Connectivity was a big headache for users. Just as a Web browser needs a start page, a Gnutella application needs a start host. Unfortunately, early programs did not come preset with one because host addresses generally have short shelf lives. This sent users searching across Web sites, message boards and chat rooms for active host addresses. Developer Bob Schmidt came to the rescue with gnuCache, an open-source application that automatically began doling out addresses from several enthusiast-run servers. Not long after, Clip2 began reliably serving lists of well connected, verified active hosts through a service that could be accessed at Gnutellahosts.com via Gnutella and the Web. By fall, developers had begun providing an "auto-connect" feature in Gnutella applications that relied upon host list services for start hosts, relieving users of the need to bother with this matter. Technically, these services are sufficiently uniform in the way they operate so as to be interchangeable to the developer, although the quality of addresses returned varies. The connectivity problem has thus been addressed in a manner that is not susceptible to a single point of failure.
Lack of Search Results
A lack of search results was a substantial issue following the quasi-collapse of the network in August. As the traffic carried by an average host grew, it eventually exceeded the capacity of hosts on the slowest physical links -- dial-up modems. These hosts became bottlenecks in the network, effectively severing communication lines running through them. Fragmentation into smaller sub-networks effectively resulted, with the upshot that users saw fewer search results.

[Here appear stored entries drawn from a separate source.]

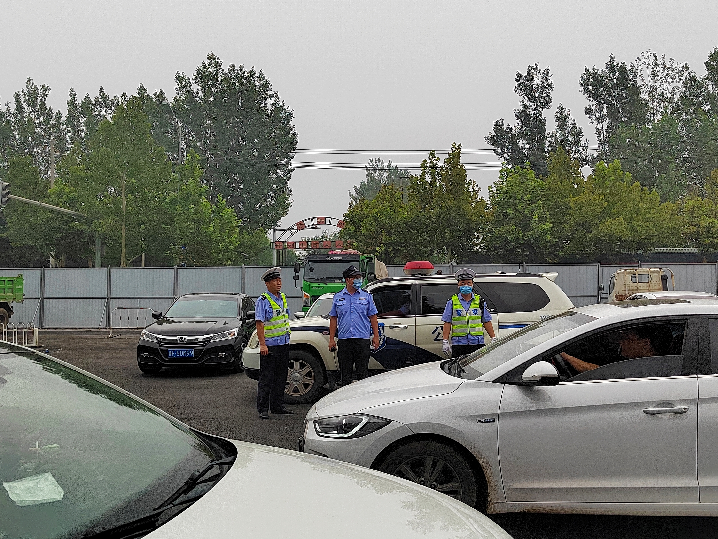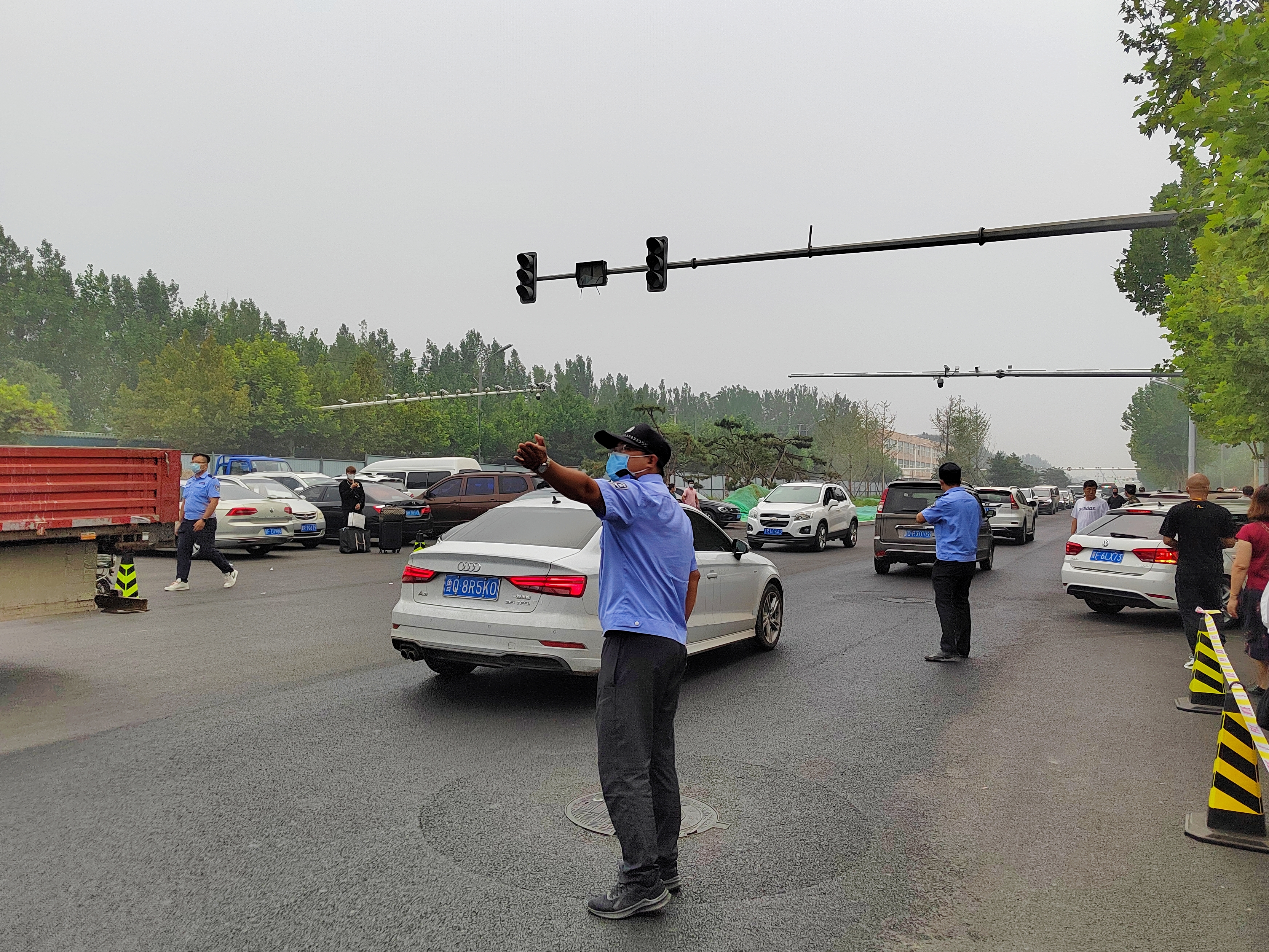 安保人员在学校东门指挥疏导家长车辆
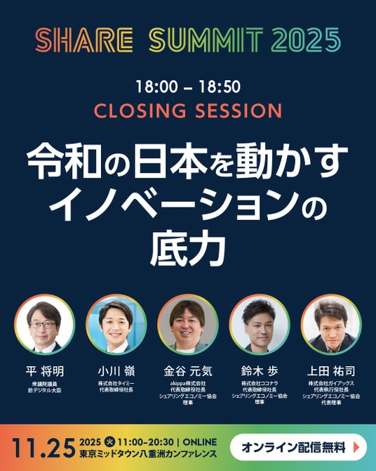 ※ 取材をご希望のメディア関係者様は、件名に 「11/25 シェアサミット取材の件」 とご記載のうえ、上記メールアドレスまでご連絡ください。確認後、メディアパスを発行いたします。
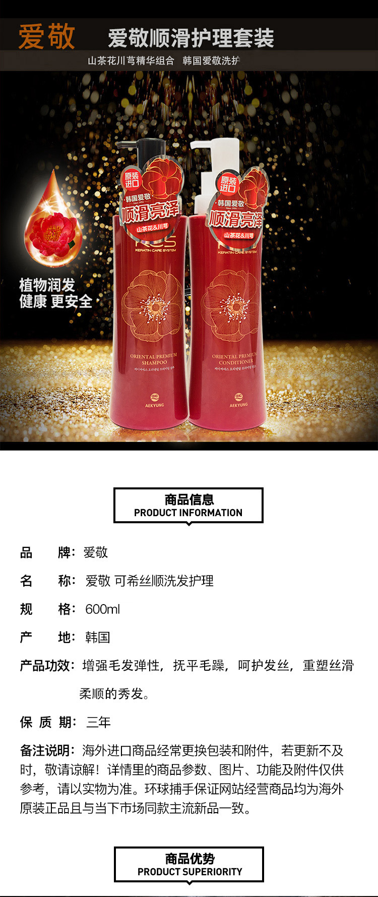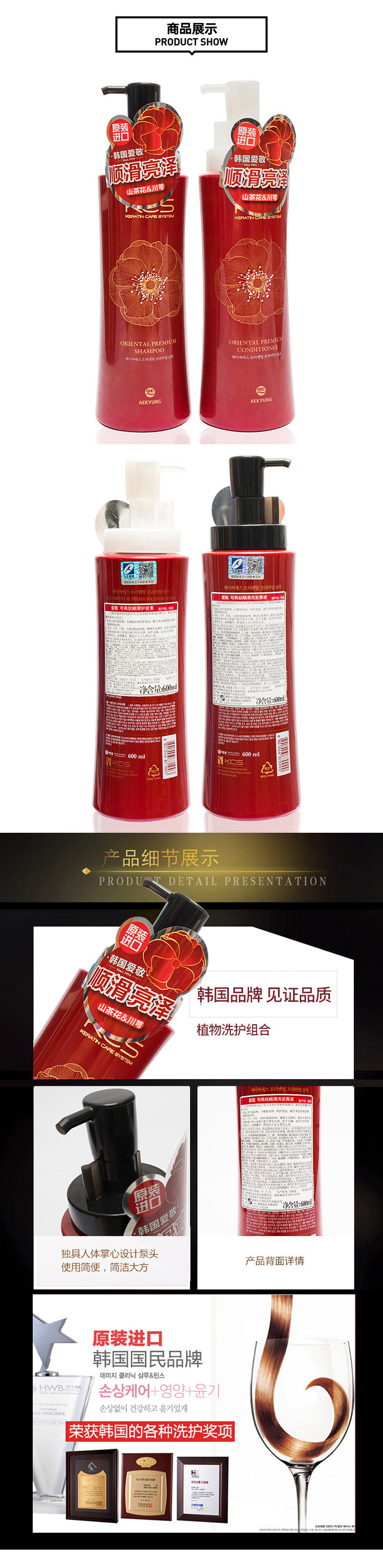 韩国爱敬 可希丝顺滑洗发香波 600ml
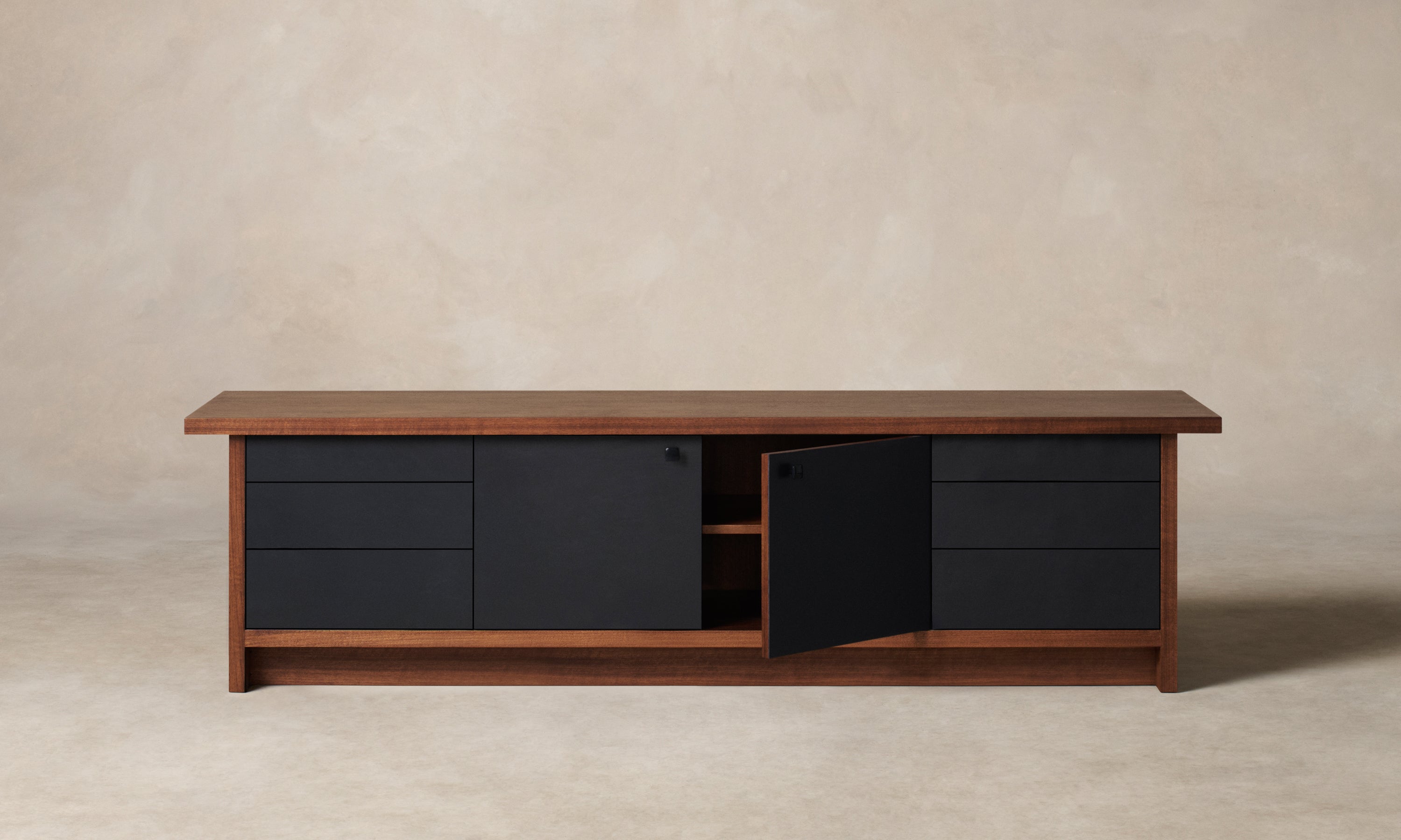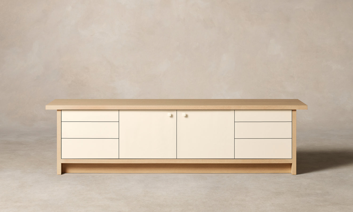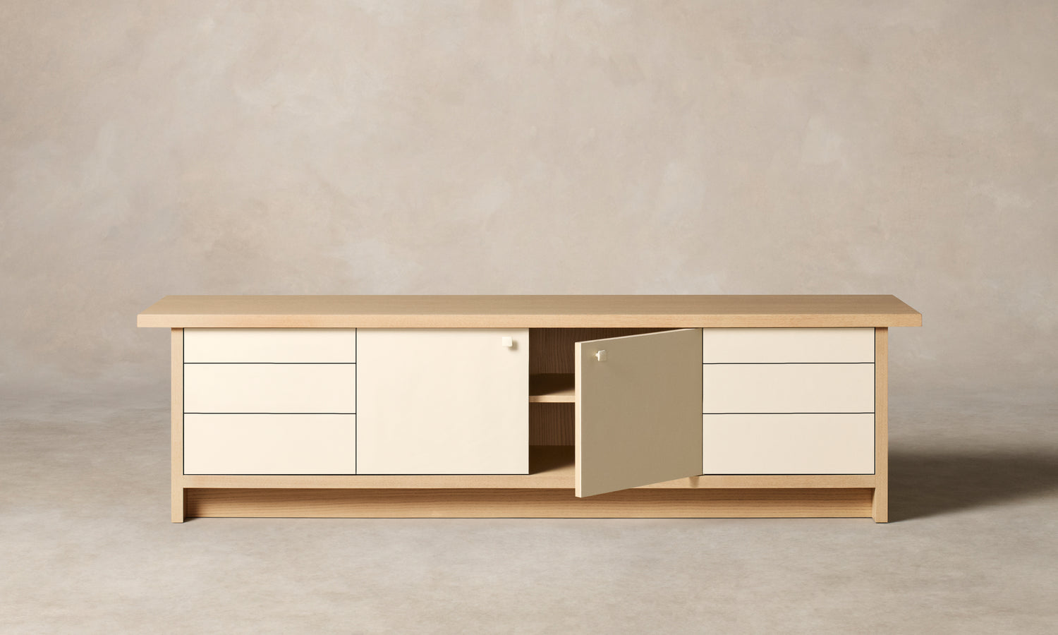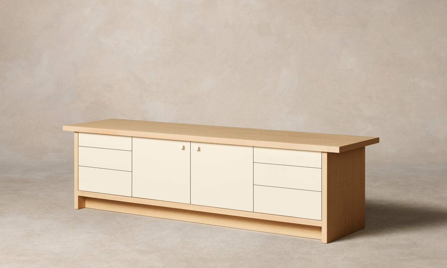 The Jeanne Console marries a mid-century form with a contemporary mixture of materials. Available in white oak or walnut, its angular façade is wrapped in smooth Alpine Leather and accented with enameled pulls. Handcrafted in New York.

Responses to the issue followed a common theme: move users on slower connections to the edge of the network.
In October, Clip2 introduced the Reflector, a special Gnutella server designed to run on a high-speed connection and act as a proxy for users on slower links. In so doing it conserves the user's bandwidth and situates slower hosts at the edge of the network. Via a Reflector, a network of users can use Gnutella with far less aggregate bandwidth than would otherwise be required. Most Reflectors are run on behalf of a particular user population and not publicly advertised, although a handful of public-access ones are available at any given time.
November and December saw the introduction of two significant new Gnutella applications. First, Lime Wire LLC introduced LimeWire, then Free Peers, Inc. released BearShare. Both programs apply connection-preferencing rules that decide whether a given connection will be maintained. One common example: connections to unresponsive hosts are dropped. The consistent repeated application of this simple rule to a series of connections will tend to drive slower hosts to have fewer connections and sit at the edge of the network, a bit like a poor conversationalist might find himself marginalized at a party.
Coincident with these developments and the uptake in adoption of these applications, Clip2 has seen a steady increase in the number of responsive hosts active at any given time on the network, rising from a typical figure of 500 in October to more than 1500 in early January 2001. The quantity of search results has increased as well. According to Clip2 estimates, the number of Gnutella users per day has risen from 10,000 to 30,000 in November to between 20,000 and 50,000 in January.